Wendell Berry’s Peculiar Patriotism – The Bulwark
, 2022-12-29 04:31:28,
need to be complete
National and history of bias
by Wendell Berry
Shoemaker & Co. 513 pages, $24
meIn 1934, Kentucky-born artist Ann Rice O’Hanlon created a mural on a wall in the lobby of the University of Kentucky’s Memorial Auditorium, a church-like structure completed five years earlier as a tribute to the Bluegrass State soldiers who died in World War I. Commissioned through a public artwork project, the New Deal Program, O’Hanlon’s mural did not depict a sterilized history of Kentucky, but included skirmishes between settlers and Native Americans, as well as depictions of enslaved African Americans working in the fields and others playing music to white dancers.
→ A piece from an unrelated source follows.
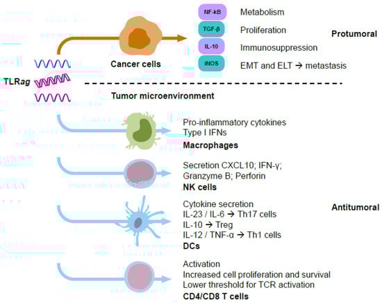 3. Role of Endosomal TLRs on Tumor Cells and the Tumor Microenvironment

The mural has always been remarkable, drawing both praise for its originality and criticism for its ethnic imagery. In 2015, the university’s president, Eli Capilotto, in response to black student leaders expressing opposition to the murals, chose to block them. Since then, the university has wavered in its approach to the murals. In 2017, the mural was unveiled and explanatory signs installed. Next year university commissioned by Trinidadian-born artist Karen Olivier to create companion artwork titled witnessnext to the mural. Painted by Oliver in the dome of Memorial Hall Words by Frederick DouglassThere is no man under heaven who does not know that slavery is wrong for him. “
After the mural was shrouded …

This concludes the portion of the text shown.